To mitigate, you should enforce limits at the application or gateway level and ensure Mssql queries are efficient and safe against repeated abuse. This includes using parameterized queries to avoid injection, applying appropriate indexes, and adding concurrency or frequency caps per identity or IP.
Mssql-Specific Remediation in Adonisjs — concrete code fixes
Remediation centers on adding explicit rate limiting, validating inputs, and optimizing queries when using Mssql with AdonisJS. Below are concrete patterns you can adopt.

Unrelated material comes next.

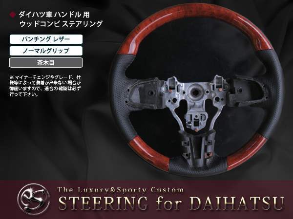 - タント LA600/LA610S 純正交換 茶木目×レザー ステアリング

- Use a token-bucket or fixed-window limiter per IP or per user. In AdonisJS, you can implement middleware to track requests and enforce thresholds before hitting Mssql:
// middleware/RateLimit.js
const mssql = require('@mssql/mssql');
const rateLimit = new Map();
async function rateLimitMiddleware(req, res, next) {
const key = req.ip; // or req.authUser.id for authenticated limits
const now = Date.now();
const windowMs = 60_000; // 1 minute
const maxRequests = 60;
if (!rateLimit.has(key)) {
rateLimit.set(key, { count: 1, start: now });
} else {
const state = rateLimit.get(key);
if (now - state.start > windowMs) {
state.count = 1;
state.start = now;
} else {
state.count += 1;
}
if (state.count > maxRequests) {
return res.status(429).json({ error: 'Too many requests' });
}
}
next();
}
// In routes file
Route.get('/api/users/:id/profile', rateLimitMiddleware, async (req, res) => {
const pool = await mssql.connect(process.env.MSSQL_CONNECTION_STRING);
const result = await pool.request()
.input('id', mssql.Int, req.params.id)
.query('SELECT id, username, email FROM users WHERE id = @id');
res.json(result.recordset[0] || {});
});
- Parameterize all inputs and avoid dynamic SQL to prevent injection and ensure query plan reuse:
async function getUserById(pool, userId) {
const result = await pool.request()
.input('userId', mssql.Int, userId)
.query('SELECT id, username, email FROM users WHERE id = @userId');
return result.recordset[0];
}
- Add appropriate database indexes to support filtered queries and reduce I/O under repeated load:
-- Mssql index example to support username searches
CREATE NONCLUSTERED INDEX IX_users_username ON users (username) WHERE username IS NOT NULL;
- For endpoints returning sensitive or high-volume data, enforce caps on result size and add pagination:
async function searchUsers(req, res) {
const pool = await mssql.connect(process.env.MSSQL_CONNECTION_STRING);
const { q, page = 1, limit = 20 } = req.query;
const offset = (page - 1) * limit;
const result = await pool.request()
.input('q', mssql.NVarChar, `%${q}%`)
.input('limit', mssql.Int, limit)
.input('offset', mssql.Int, offset)
.query('SELECT id, username FROM users WHERE username LIKE @q ORDER BY id OFFSET @offset ROWS FETCH NEXT @limit ROWS ONLY');
res.json(result.recordset);
}
These patterns reduce the surface for rate abuse by controlling request frequency, ensuring efficient and safe database interactions, and minimizing the risk of enumeration or resource exhaustion when using Mssql with AdonisJS.